Dr. Martin Luther King

Dr. Martin Luther King

Just rambling off at the keyboard…

Almost two years ago, I sat down to place finger to key to talk about how Dr. Martin Luther King Jr. would stand against President Obama’s policies. King was an advocate for the plight of the poor and talked about why America had no moral footing to position itself as the police of another country without addressing the immoral treatment of blacks in America.

On Wednesday, Obama will stand in front of the Lincoln Memorial to give a speech about the 50th anniversary of the March on Washington for Jobs and Freedom.

In a radio interview on Tuesday, Obama said that King “captured the hopes and dreams of an entire generation…” with his words on that historic day. King ad-libbed the portion of his text where he talked about dreaming of his kids being judged for the content of their character, and not the color of their skin.

It is one of, if not, the most famous speeches in American history.

But going back to my original editorial about my assertion of King’s implied posthumous criticism of Obama; it will be tough to listen to Obama’s words about King on Wednesday without thinking of King’s radical nature.

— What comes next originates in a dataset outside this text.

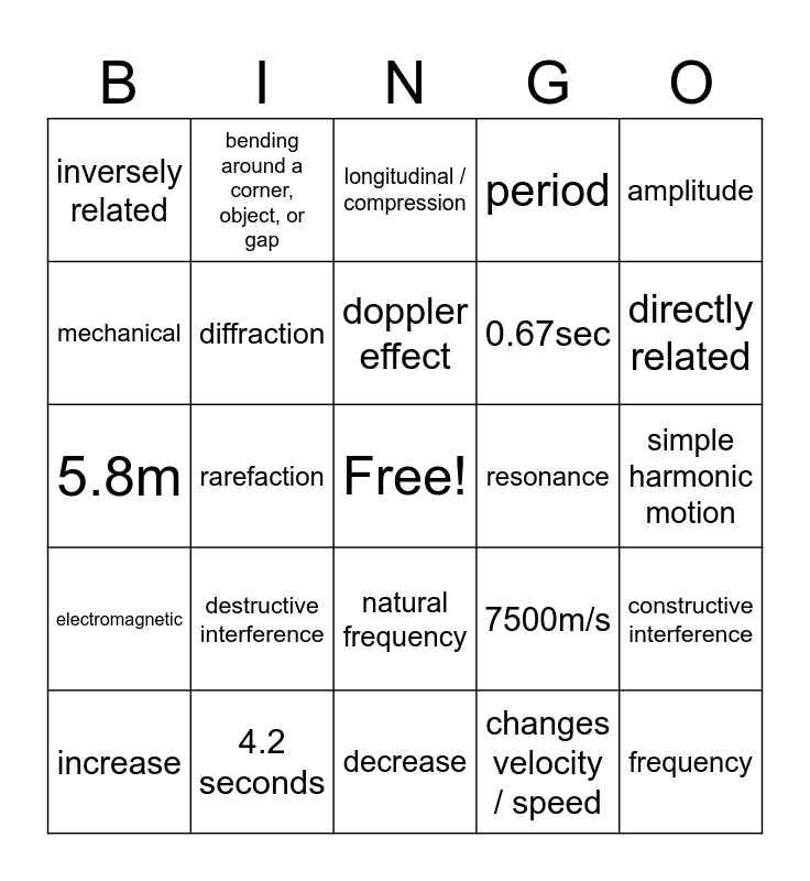 This bingo card has a free space and 37 words: reflection, refraction, interference, diffraction, constructive interference, destructive interference, doppler effect, wavelength, amplitude, compression, rarefaction, period, frequency, simple harmonic motion, mechanical, electromagnetic, transverse, longitudinal / compression, natural frequency, resonance, inversely related, directly related, increase, decrease, echolocation, changes velocity / speed, bending around a corner, object, or gap, bounces off an object, moving from one medium to another / boundary, larger amplitude, smaller amplitude, 4.2 seconds, 5.8m, 14.2m/s, 7500m/s, 0.67sec and 65.3m.

As we sit, Obama is grappling, or maybe easing, into a decision about striking Syria, or Bashar al-Assad, for using nerve gas to exterminate his own people. Whether the government or rebels used the gas is still up for minor debate, but the U.S. has buttressed its position as the world’s morality police by promising to punish al-Assad, Syria’s president, for using chemical weapons.

Outside of that, Obama has failed to address issues of income inequality, Wall Street cronyism and malfeasance, and etc…, but you get the picture. Obama isn’t King and the only thing they share is the same skin color.

To truly honor the legacy of the march and Dr. King, Obama should announce new policy plans to truly address economic injustice and ways to combat high unemployment amongst black folk.

Dr. King’s so-called dream involved a radical makeover of how America treated and viewed black Americans. That dream didn’t involve a black man acting as a placeholder for the nation’s highest office, that’s not the manifestation of King’s vision of America.

But without knowing Dr. King, my thoughts about him and his view of Obama are strictly opinions and wishes.

Still, it would be nice to know that Obama truly believed in King’s legacy. If so, we may have real economic and racial progress in this nation.